За стеной загудел, завибрировал звук огромной трубы и я вздрогнул. Что это?
Захлопали двери, коридор наполнился шагами и взволнованными голосами. Похоже, всех созывали к бою. Может быть, этот звук даже долетит до города, так он полновесен и громок. И потянутся по широкой дороге в поднебесье любопытствующие, побегут, легко взлетая по ступеням, чтобы успеть, не пропустить интересное зрелище, сравнить Мужа семьи с собой, оценить свои собственные силы.
Я тоже пойду. Но не за тем, чтобы праздно полюбоваться на то, как тренированный боец за считанные минуты расправится с учеником. Быть может, я делаю глупость, но мне кажется, что я прав.
Я встал, надел футболку, отряхнул с нее налипший песок и вышел из комнаты, но тут же прижался к стене, чтобы не попасть под ноги бегущим по коридору, словно сошедшим с ума от возбуждения жителям Школы. Они торопились! Торопились занять места получше, чтобы увидеть неожиданное зрелище. Их жизнь, без сомнения, не была особенно разнообразной: практически круглосуточные занятия, редкий отдых и выходы в город. Теперь Школа посулила им развлечение, и они не собирались оставаться в стороне.
Когда все желающие промчались мимо, я отстранился от стены и пошел следом. Подобные вещи не свершаются впопыхах. Все соберутся, потом кто-нибудь обязательно скажет речь, чтобы подбодрить противников и разогреть толпу. Непременно будет томительная пауза. Поединок — это не пустые слова. Думаю, они дождутся тех, кто спешит сейчас по лестнице.
В Школе оказалось куда больше народу, чем я сначала подумал. Галдеж был слышен из-за домов. Во второй раз затрубила труба, и я на мгновение оглох от дрожания ее призывного голоса.

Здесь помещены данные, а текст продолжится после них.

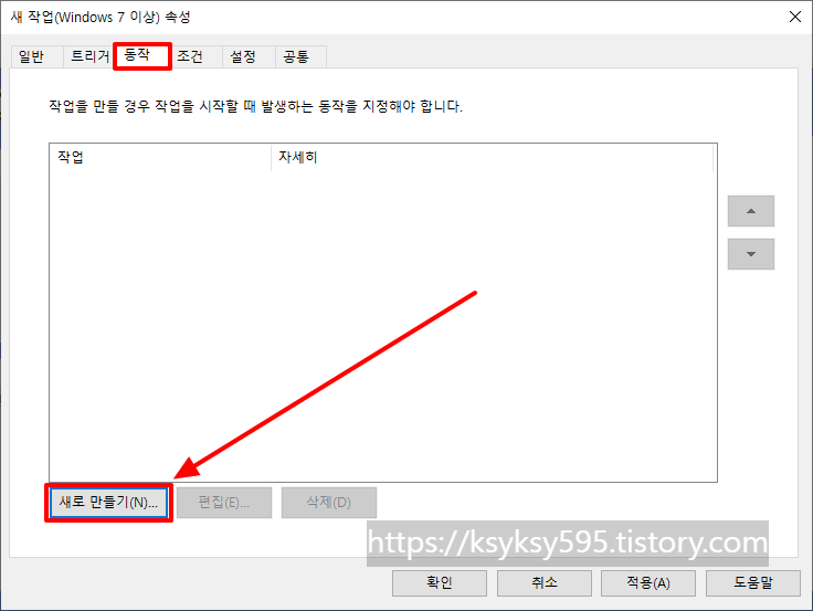 [동작] 탭에서 [새로 만들기] 를 클릭합니다.

Неторопливо выйдя на площадь перед воротами, и стараясь держаться тени, отбрасываемой стеной, я остановился под прикрытием ворот, наблюдая через головы одетых в разноцветные рубахи, учеников школы за тем, как натягивают стропы, вставляя колышки в незаметные под белой пылью, пазы. Получалась большая, ограниченная веревочными стенами арена. На крыльцо центральногоо дома уже выносили громоздкое резное кресло из белого блестящего камня. По краям крыльца установили две пузатых — с метр в диаметре — вазы с водой, которые притащили раздетые по пояс мужчины. На воде плавали огромные цветы, похожие на фиолетовые водяные лилии.
У кресла поставили высокий круглый столик с тарелкой, полной неизвестных мне розовых плодов, и скамеечку для ног.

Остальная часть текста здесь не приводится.